Dubai: The UAE economy is expected to keep up the momentum through 2020, according to the latest forecast by the International Monetary Fund (IMF) and the Institute of International Finance (IIF).
In its latest World Economic Outlook, the International Monetary Fund (IMF) has forecast the UAE’s GDP growth at 1.6 per cent and 2.5 per cent for 2019 and 2020, respectively.
“We expect non-hydrocarbon real GDP growth to pick up to 1.7 per cent in 2019 and 2.2 per cent in 2020, supported by Abu Dhabi’s three-year stimulus package and Dubai’s spending linked to Expo 2020,” said Garbis Iradian, chief economists, Middle East and North Africa (Mena) of the IIF.
According to the IIF forecasts Abu Dhabi’s real GDP would grow 2.3 per cent and 2 per cent respectively in 2019 and 2020 while Dubai’s economy is expected to record 2.1 per cent and 2.3 per cent growth respectively in the same period, largely driven by non-oil growth.
Expo 2020 is expected to give a one-time short in the arm for the UAE economy according to economists from Standard Chartered.
“We expect a one-off boost to growth from Dubai’s hosting Expo 2020. This should boost UAE GDP growth to 2.1 per cent from 1.7 per cent in 2019. We expect the hosting of Expo 2020 from October 2020 to April 2021 to lift UAE non-oil growth to 3 per cent driving the transitory pick-up in headline growth,” said Bilal Khan, Senior Economist, Middle East North Africa and Pakistan (MENAP), Standard Chartered.
An estimated 25 million visitors, of which 70 per cent foreigners are expected to visit the UAE during the event giving a big push to demand that has been lagging for a while.
“The UAE needs further policy measures to boost domestic demand. In the past, fiscal policy measures have been largely focused on supply side and that worked well. Now with most infrastructure development and construction complete, the policy boost should come on the demand side.
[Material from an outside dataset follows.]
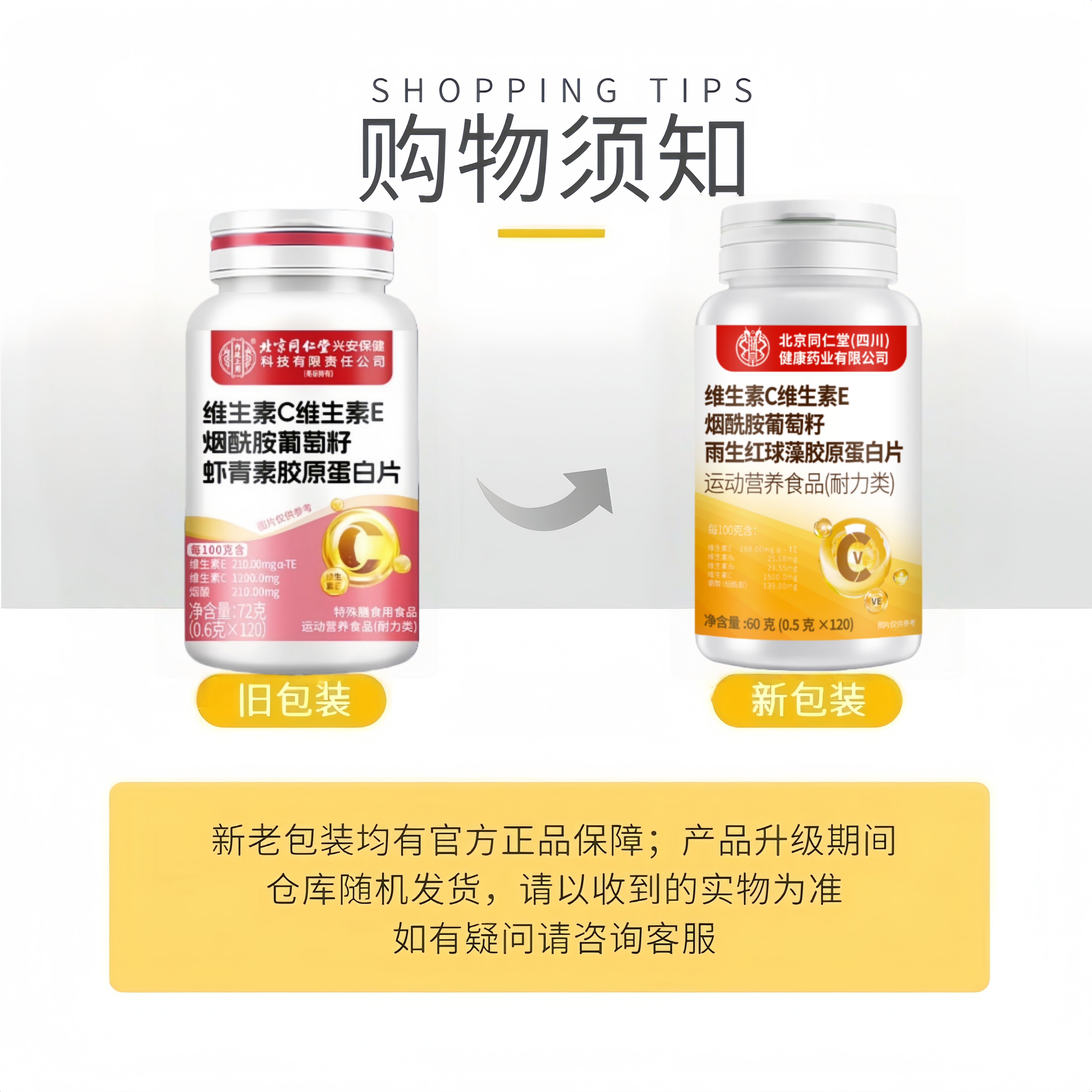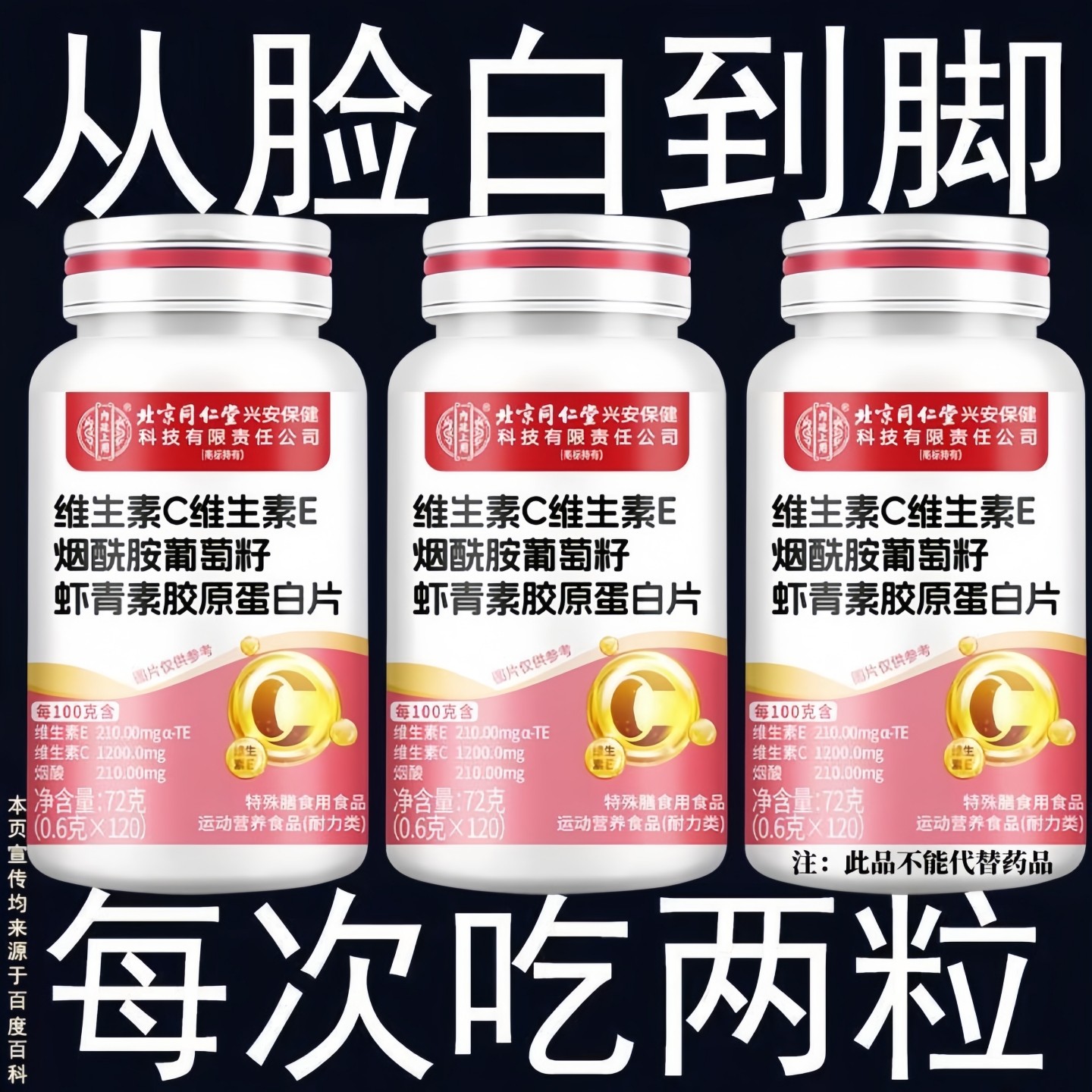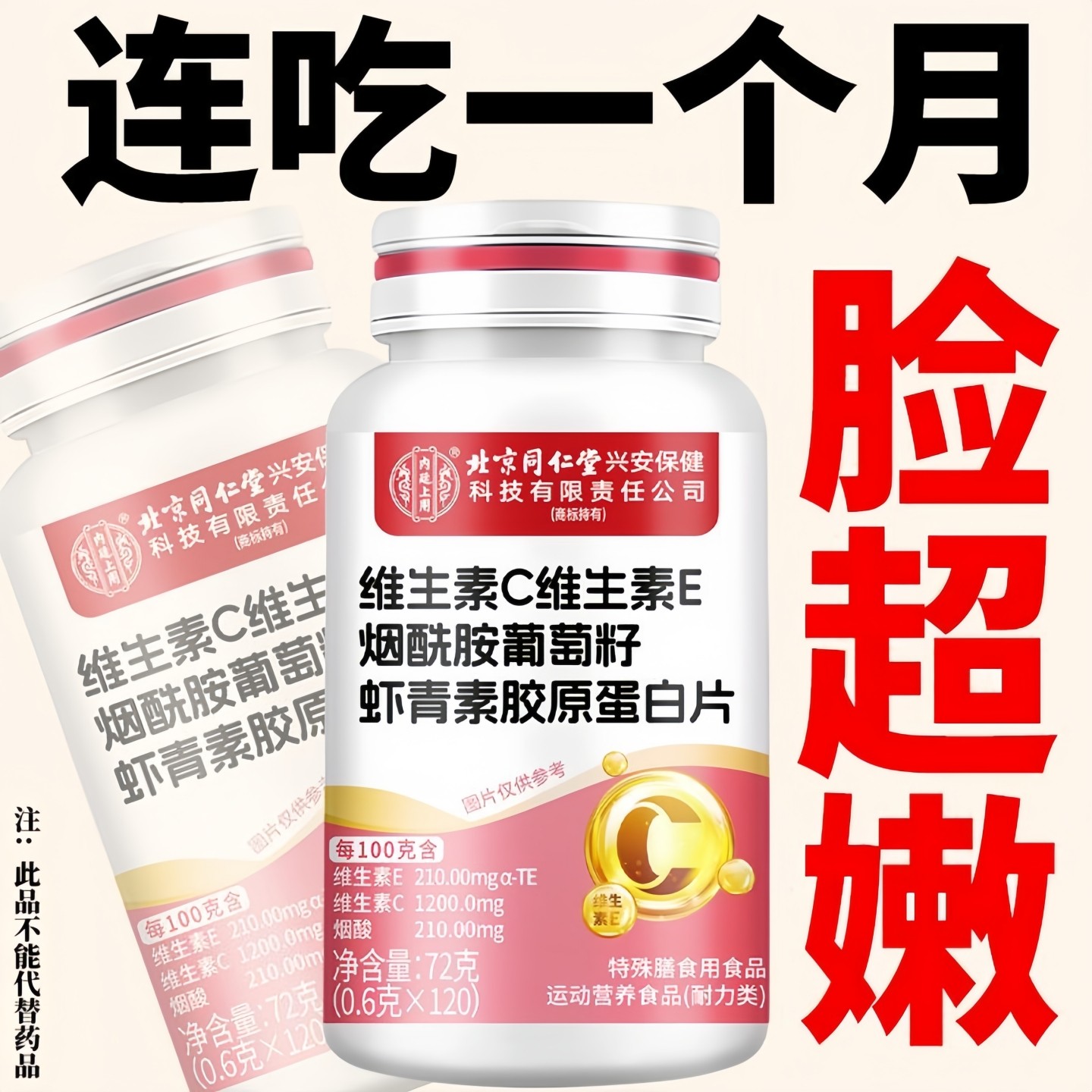 北京同仁堂维生素C+E烟酰胺葡萄籽虾青素胶原蛋白120片美白正品
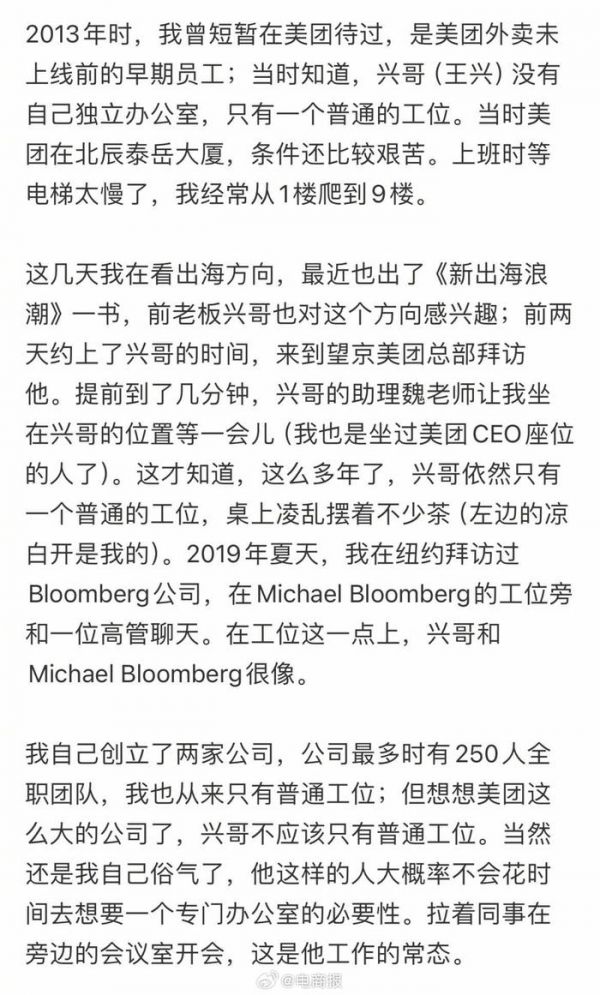 美团创始人王兴也有普通工位,网友:主打一个亲切

The recent policy changes such as changes in visa rules and business ownership are likely to support the demand side of the economy,” said Carla Slim, economist MENAP, Standard Chartered.
While the Standard Economists expect the Expo 2020 to boost domestic consumption, particularly in the retail and hospitality industries, which have struggled from overcapacity in recent years, they see no meaningful recovery for the property market in the near term. Residential property prices continue to decline in both Abu Dhabi and Dubai. Although the Dubai government recently formed a committee to balance property demand and supply, including by restricting competition between quasi-government and private firms, the impact on prices will depend on implementation.
“Policy action is an encouraging step, but a meaningful recovery in the sector appears unlikely in the near term given expectations of additional supply in the coming months,” said Khan.